REQUIREMENT:
An exact reproduction is required of the lines from the beginning of the entries through the line with "Portafoglio da donna", pictures excluded and nothing added.

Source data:
===
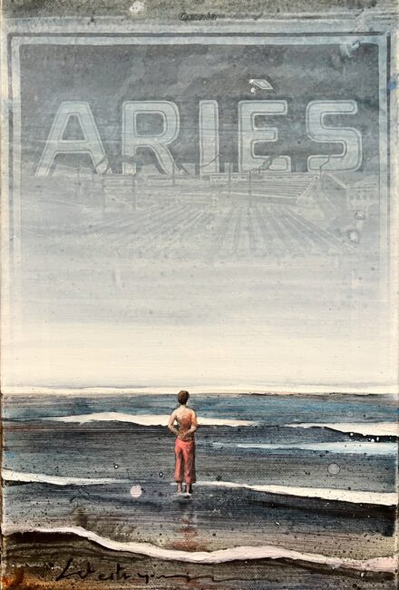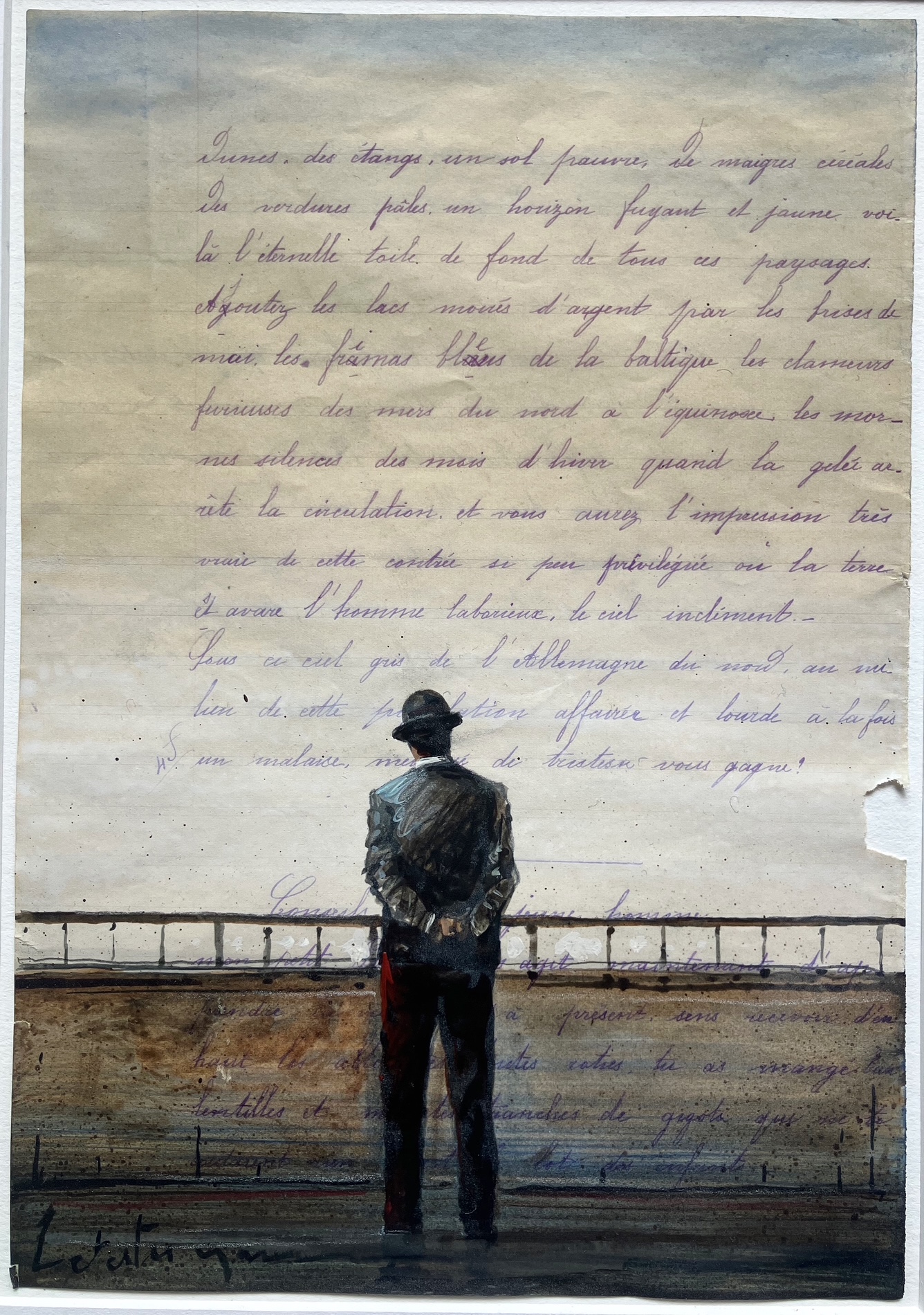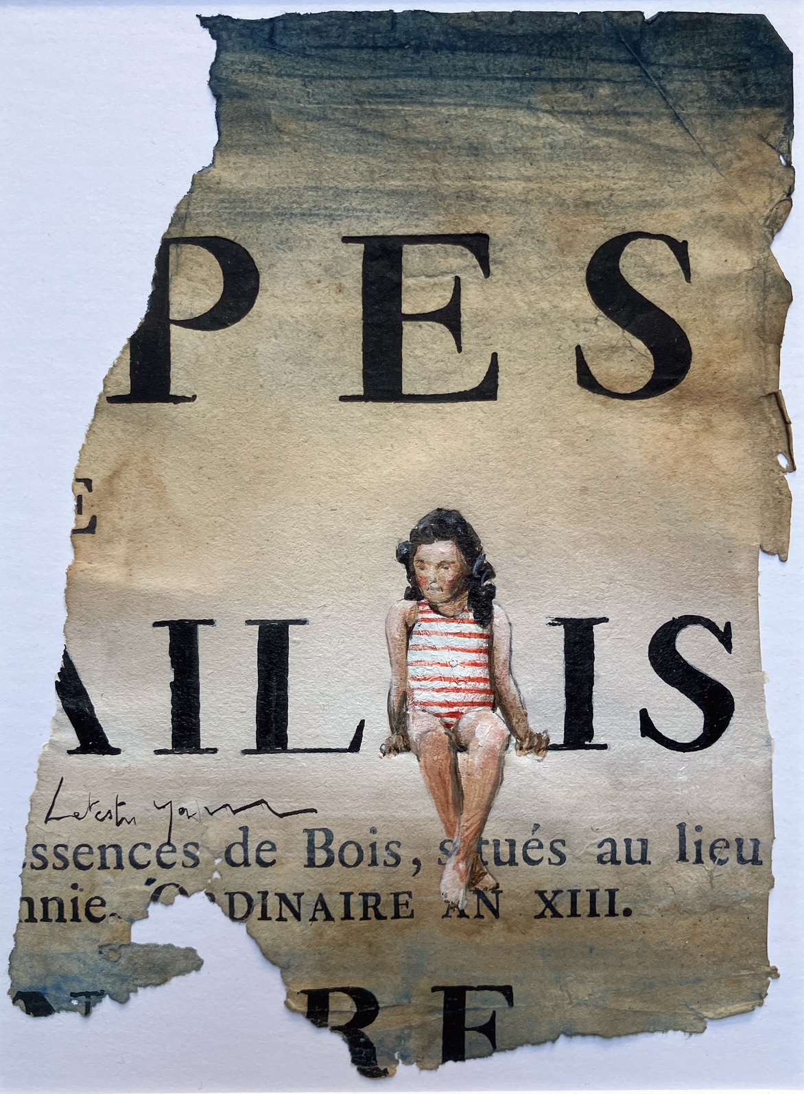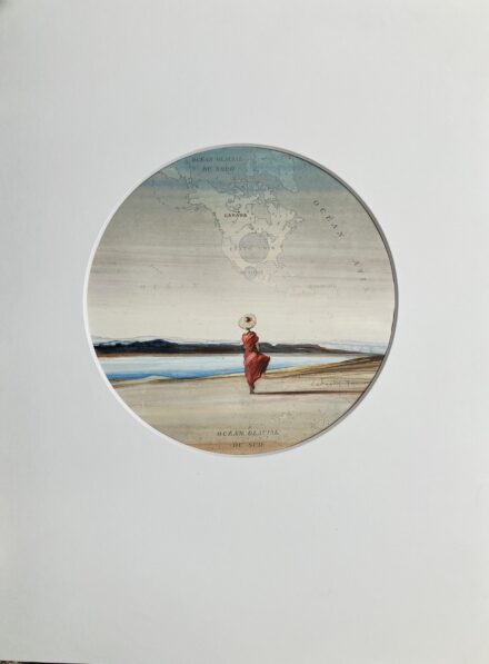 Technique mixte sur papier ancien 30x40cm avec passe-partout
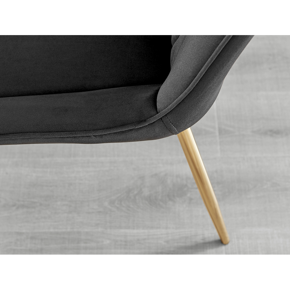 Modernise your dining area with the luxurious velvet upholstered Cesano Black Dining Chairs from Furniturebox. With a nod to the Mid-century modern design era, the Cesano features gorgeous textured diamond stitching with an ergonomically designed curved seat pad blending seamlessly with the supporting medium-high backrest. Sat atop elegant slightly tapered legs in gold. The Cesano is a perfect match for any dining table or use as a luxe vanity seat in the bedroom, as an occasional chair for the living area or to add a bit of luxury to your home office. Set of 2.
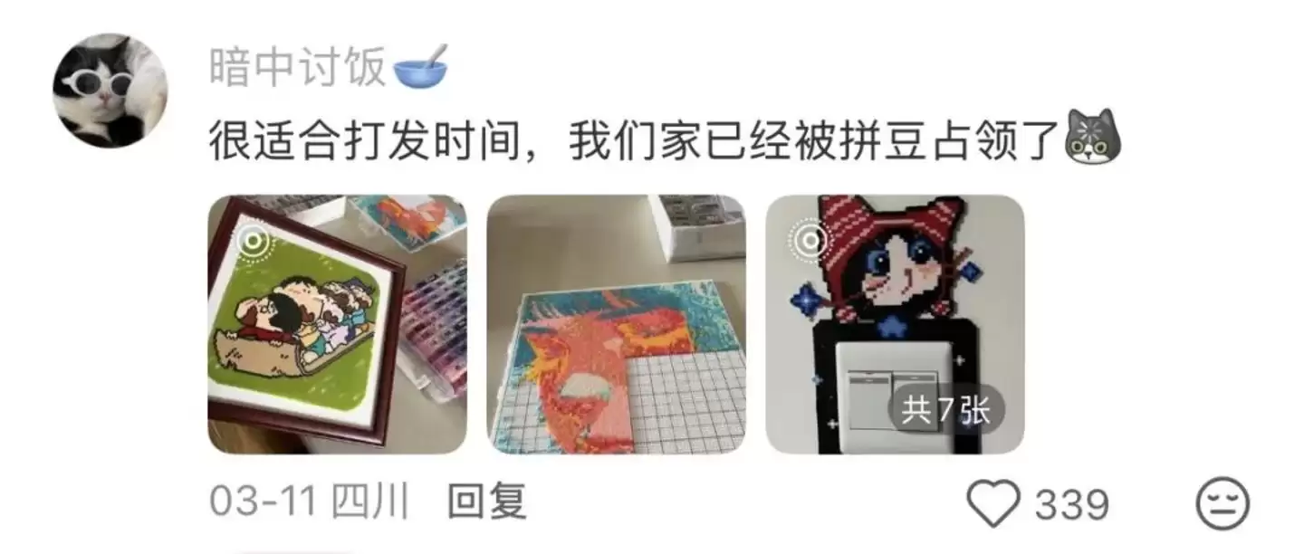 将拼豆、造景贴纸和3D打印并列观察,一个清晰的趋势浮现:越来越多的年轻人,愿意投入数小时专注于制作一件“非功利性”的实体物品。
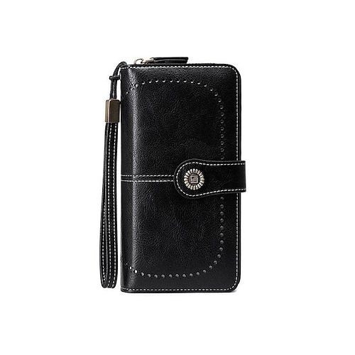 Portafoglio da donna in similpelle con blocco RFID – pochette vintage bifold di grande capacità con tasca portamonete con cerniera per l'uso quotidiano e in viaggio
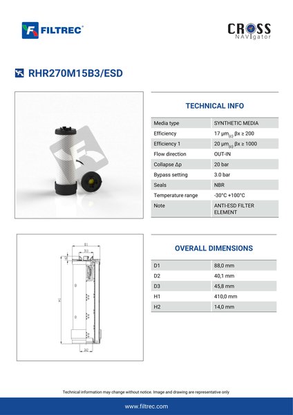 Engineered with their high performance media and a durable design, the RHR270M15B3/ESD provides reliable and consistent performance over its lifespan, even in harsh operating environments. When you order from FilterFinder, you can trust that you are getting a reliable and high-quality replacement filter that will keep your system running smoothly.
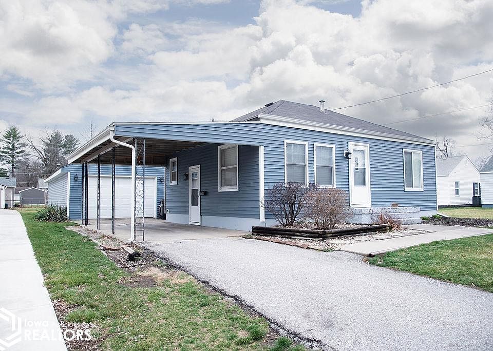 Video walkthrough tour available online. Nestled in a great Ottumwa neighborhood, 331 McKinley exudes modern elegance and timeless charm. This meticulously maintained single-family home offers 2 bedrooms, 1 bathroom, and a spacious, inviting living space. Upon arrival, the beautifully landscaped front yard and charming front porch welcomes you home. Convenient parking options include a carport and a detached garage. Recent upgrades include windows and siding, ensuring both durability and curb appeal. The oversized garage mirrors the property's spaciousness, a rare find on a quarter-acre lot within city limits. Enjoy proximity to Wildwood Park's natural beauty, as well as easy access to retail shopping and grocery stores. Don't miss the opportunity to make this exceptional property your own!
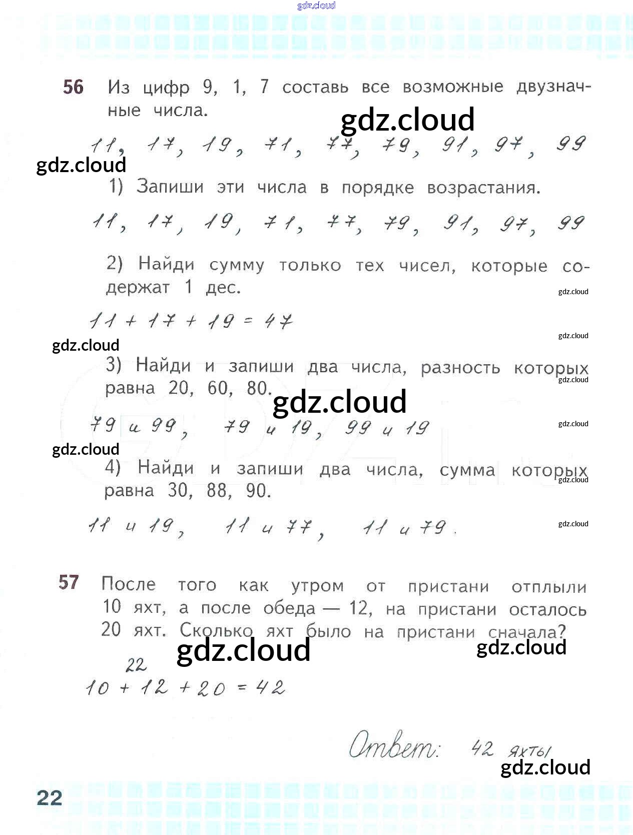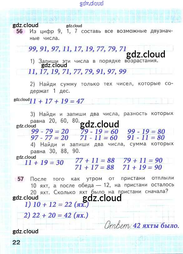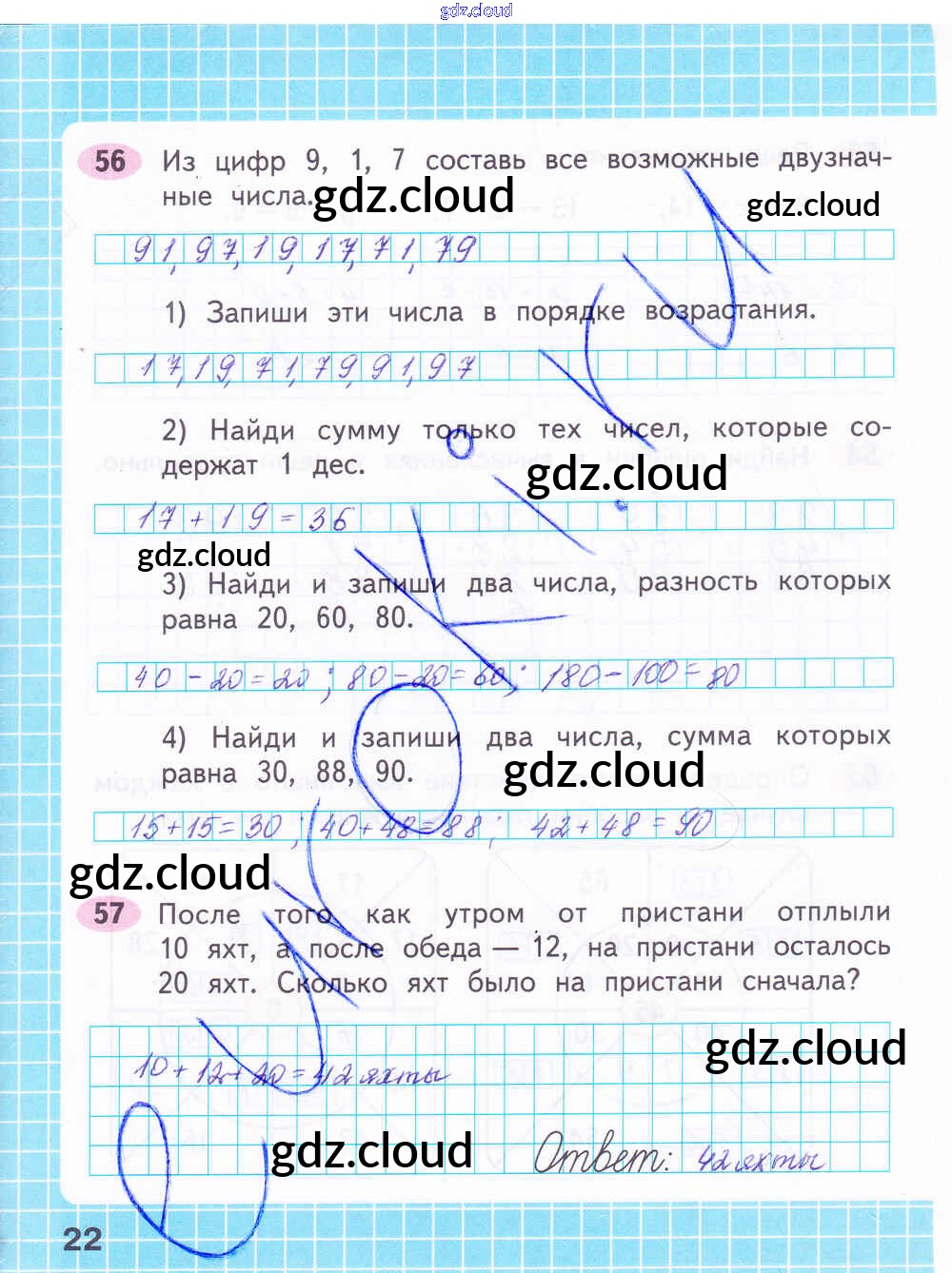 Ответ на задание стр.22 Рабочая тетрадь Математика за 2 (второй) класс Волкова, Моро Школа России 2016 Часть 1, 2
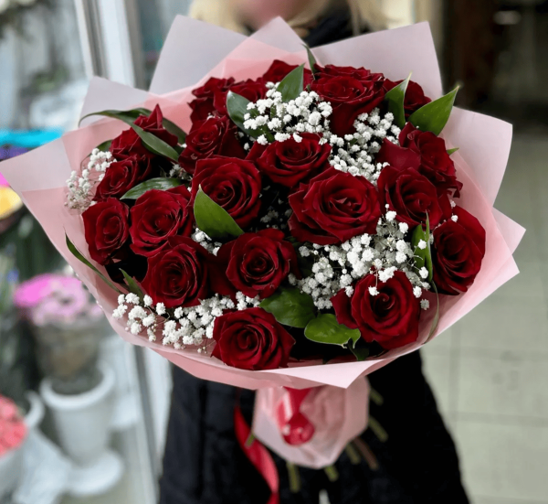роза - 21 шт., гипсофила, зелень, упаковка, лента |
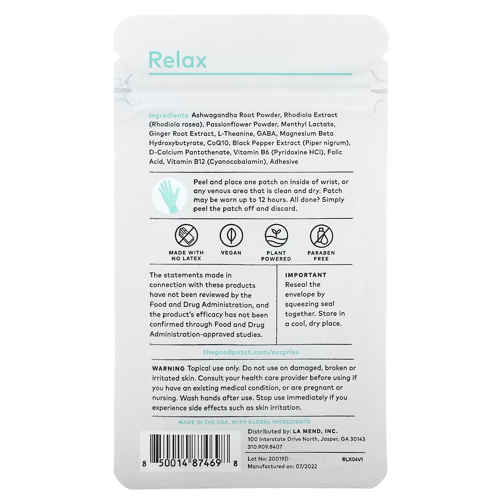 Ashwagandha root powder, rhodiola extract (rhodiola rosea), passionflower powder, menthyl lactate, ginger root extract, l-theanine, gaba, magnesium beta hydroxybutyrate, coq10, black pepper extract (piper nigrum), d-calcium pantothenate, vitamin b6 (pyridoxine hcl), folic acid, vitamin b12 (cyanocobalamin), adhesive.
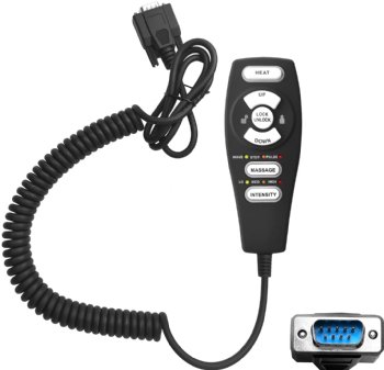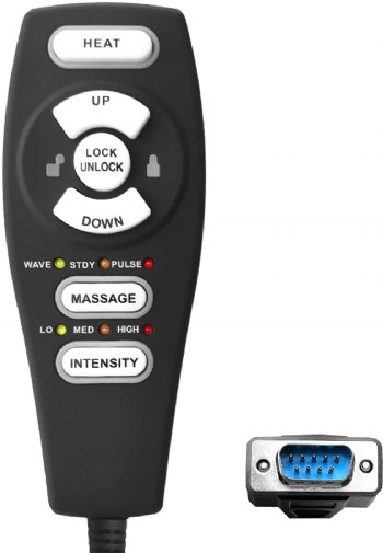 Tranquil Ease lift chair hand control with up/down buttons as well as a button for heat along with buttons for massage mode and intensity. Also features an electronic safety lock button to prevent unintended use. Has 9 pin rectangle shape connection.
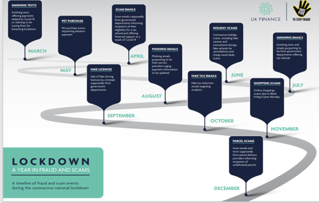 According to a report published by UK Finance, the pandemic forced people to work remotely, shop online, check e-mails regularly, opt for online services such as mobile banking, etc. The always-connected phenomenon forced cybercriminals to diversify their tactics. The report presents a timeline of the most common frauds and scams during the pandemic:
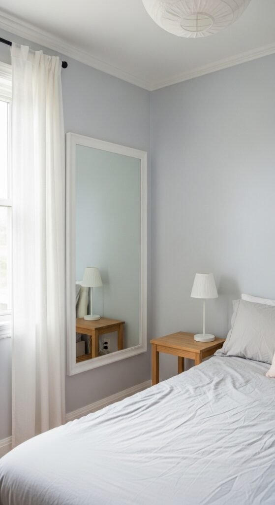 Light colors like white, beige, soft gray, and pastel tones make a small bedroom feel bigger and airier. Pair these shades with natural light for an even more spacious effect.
===
EXERCISE ANSWER:
 Technique mixte sur papier ancien 30x40cm avec passe-partout
 Modernise your dining area with the luxurious velvet upholstered Cesano Black Dining Chairs from Furniturebox. With a nod to the Mid-century modern design era, the Cesano features gorgeous textured diamond stitching with an ergonomically designed curved seat pad blending seamlessly with the supporting medium-high backrest. Sat atop elegant slightly tapered legs in gold. The Cesano is a perfect match for any dining table or use as a luxe vanity seat in the bedroom, as an occasional chair for the living area or to add a bit of luxury to your home office. Set of 2.
 将拼豆、造景贴纸和3D打印并列观察,一个清晰的趋势浮现:越来越多的年轻人,愿意投入数小时专注于制作一件“非功利性”的实体物品。
 Portafoglio da donna in similpelle con blocco RFID – pochette vintage bifold di grande capacità con tasca portamonete con cerniera per l'uso quotidiano e in viaggio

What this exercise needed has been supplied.